TASK ITEM >> The reader should set down exactly the lines from the one containing "mai à Pékin. |" through the last line of the material, omitting every picture.

RECORDED INFORMATION >>

══════════

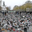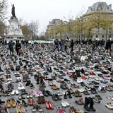 (Photo: Thousands of pairs of shoes are left in the Place de la Republique in Paris on the eve of the UN Climate Change Summit. Credit: EPA)
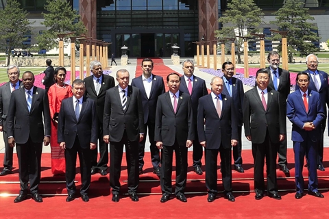| Le président Trân Dai Quang (1er plan, centre) et des dirigeants étrangers, le 15 mai à Pékin. |
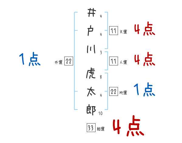 外運![]() | 井戸川虎太郎さんの外運は22画の1つ星!努力することが苦手ないっぽう手先が器用。芸術性にも優れる。 生活面を象徴する運勢です。外部から受ける影響力を表し、結婚運、家庭運や職場、環境への順応性を表します。 |
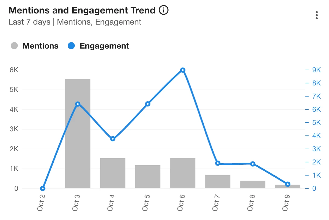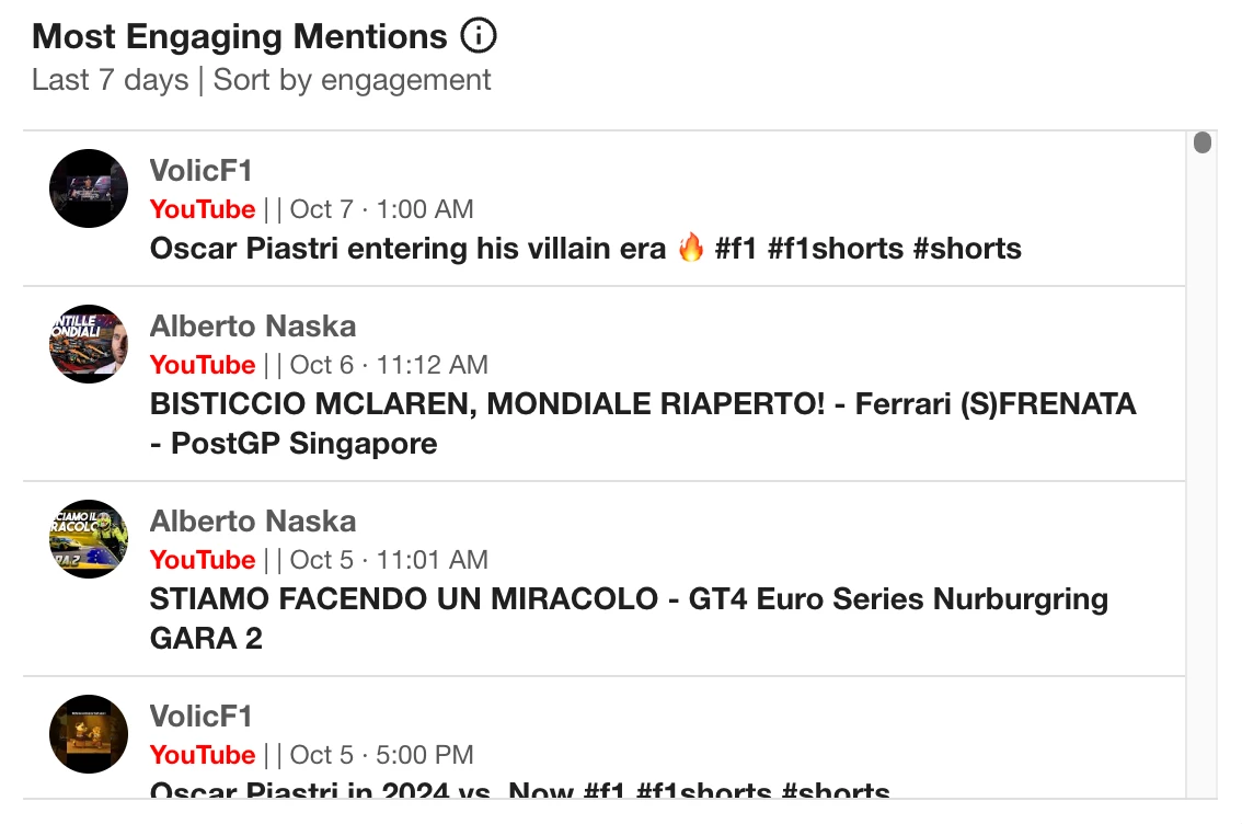 Most Engaging Mentions - Highlights the most impactful posts across channels based on your selected metric (e.g., engagement, views).

══════════

TASK OUTPUT >>
| Le président Trân Dai Quang (1er plan, centre) et des dirigeants étrangers, le 15 mai à Pékin. |
 外運![]() | 井戸川虎太郎さんの外運は22画の1つ星!努力することが苦手ないっぽう手先が器用。芸術性にも優れる。 生活面を象徴する運勢です。外部から受ける影響力を表し、結婚運、家庭運や職場、環境への順応性を表します。 |
 Most Engaging Mentions - Highlights the most impactful posts across channels based on your selected metric (e.g., engagement, views).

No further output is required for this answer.